Earlier InfoQ interviewed Declan Whelan on agile coaching, lean startup and the agile alliance. Declan explained in the interview why he prefers to do pair coaching:

One thing that we stress is, if we are facilitating a session and one person can be really focused on facilitating that we are starting on time, we are ending on time, people are engaged and the other person can be making sure that the room is being well served - so one person focusing on content, another person more on the dynamics of the room.

Declan talked about how working in pairs helped him:

(…) I found that other people are actually much better at reading people than I am, or I am focused on something else and they are noticing things that I am not noticing so the ‘aha’ moment has been really kind of having somebody really focused on trying to see the body language and who looks at who and all of that - subtle interactions that you might not notice as an individual because you are so just focused on, perhaps, some technical aspect or view - what’s a story point or something. I think as an individual, I have been really challenged with my own assumptions and my own weaknesses if you will, so having other coaches come up and say “Declan, let’s debrief that. Here’s some things I’ve noticed, did you think about this?” Its really raised the bar on my game having someone else, because a client won’t do that for you, or most won’t, right? But if you are paired up with another coach and you can have that safety then you can have those conversations, so I feel like it’s really improved my game.

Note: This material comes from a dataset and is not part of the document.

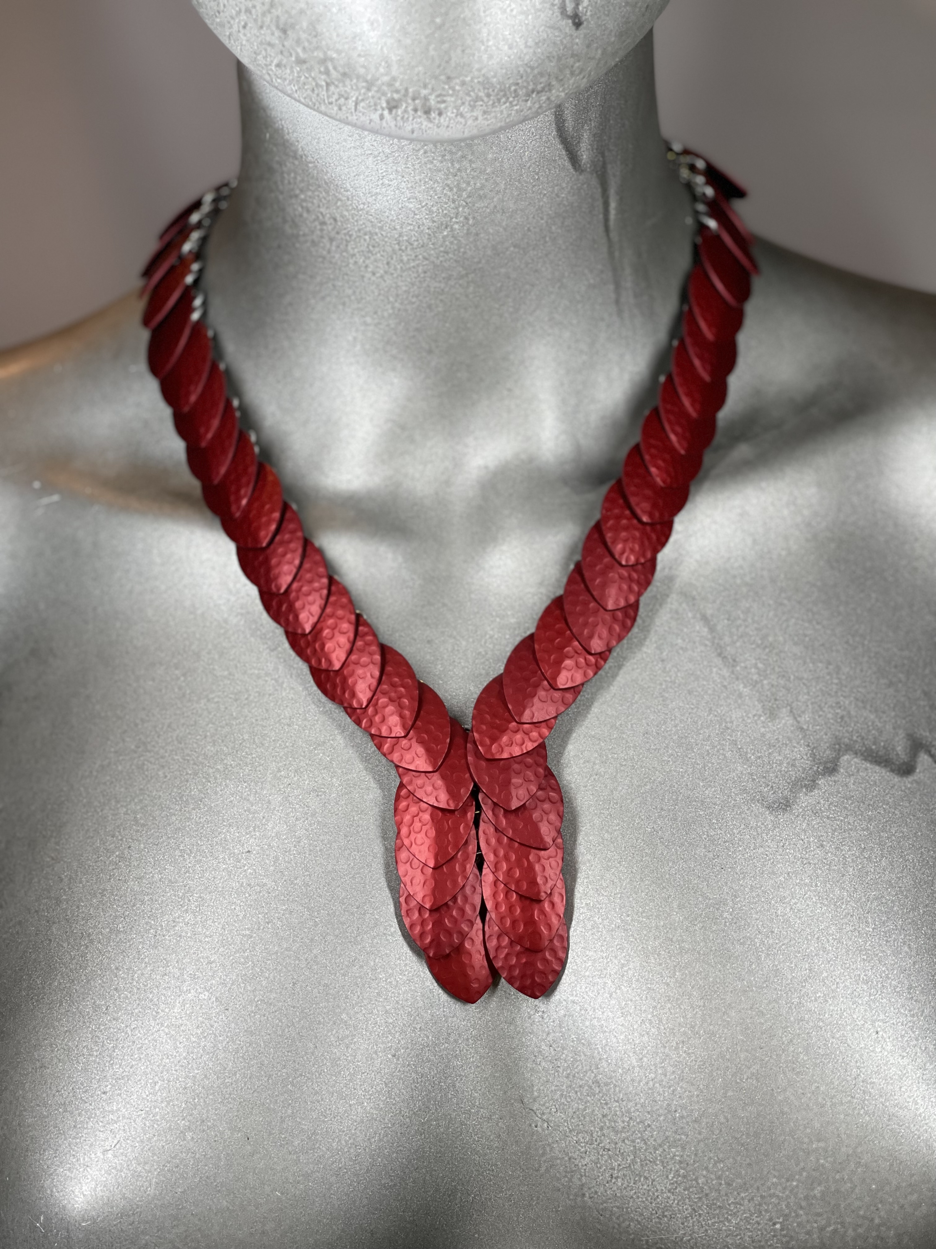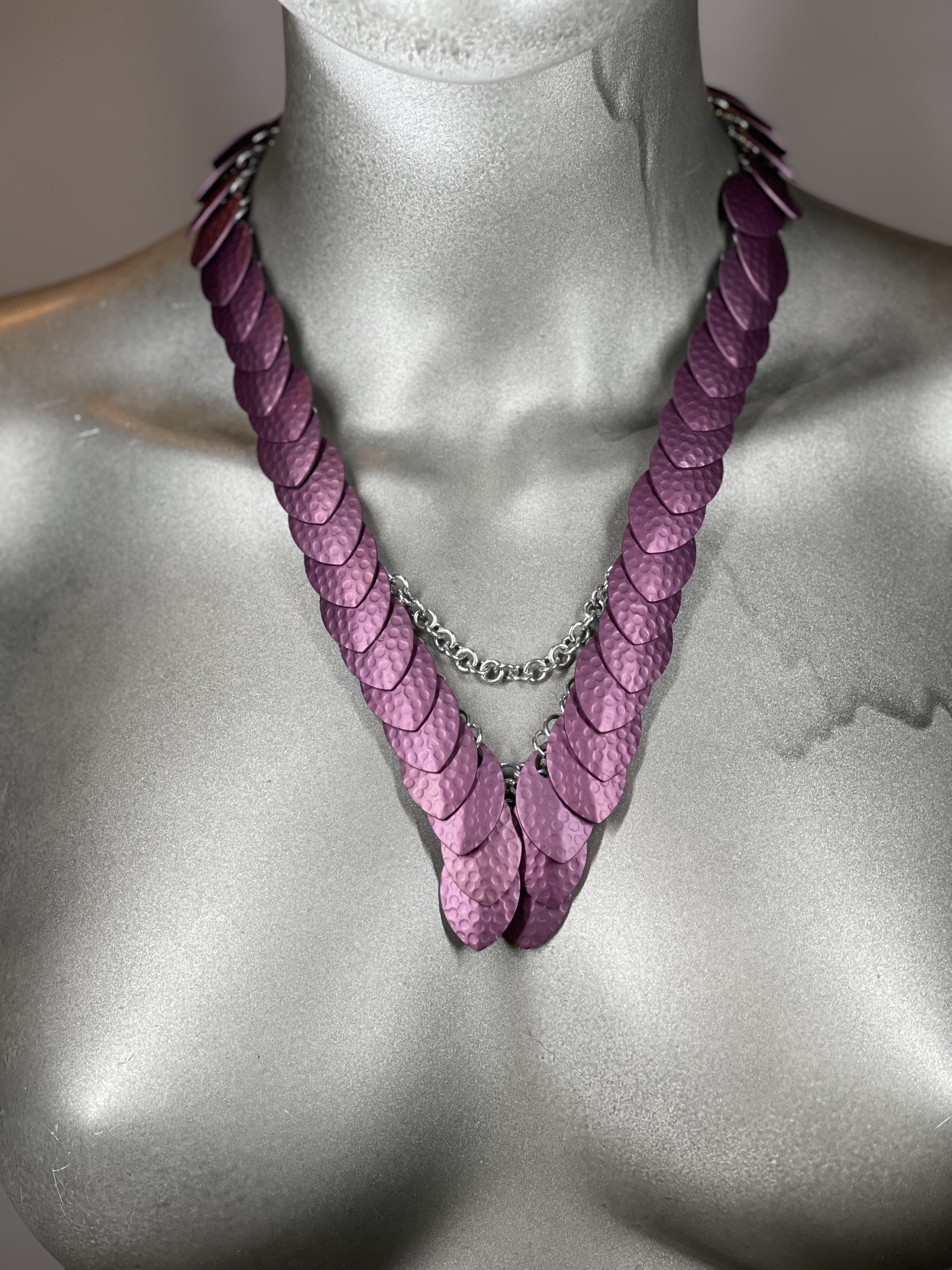 Anodized Aluminum Dragonscales overlap and form a V with elegant precision in colors that are vibrant and permanent, resistant to fade or chip. Color: Mauve measures 20″ with draping silver chain not show on AI image.

Yves Hanoulle explained in the InfoQ interview on the agile and lean mindset how he pairs with employees of the companies that he works with:

(…) I say that I want to coach with an internal person. I tell them: “I will coach that person, and I will teach that person a lot about scrum and agile and XP, and that person will teach me about your corporate culture and how things are done in your company”. In that sense we fill two different kinds of roles. (...) For me it’s important that I make sure that my knowledge stays in the company and pairing with somebody internally in the company makes sure that he grasps not just what I’m doing but also my intentions behind it.

Have you done pair coaching? Did it help you to adopt agile?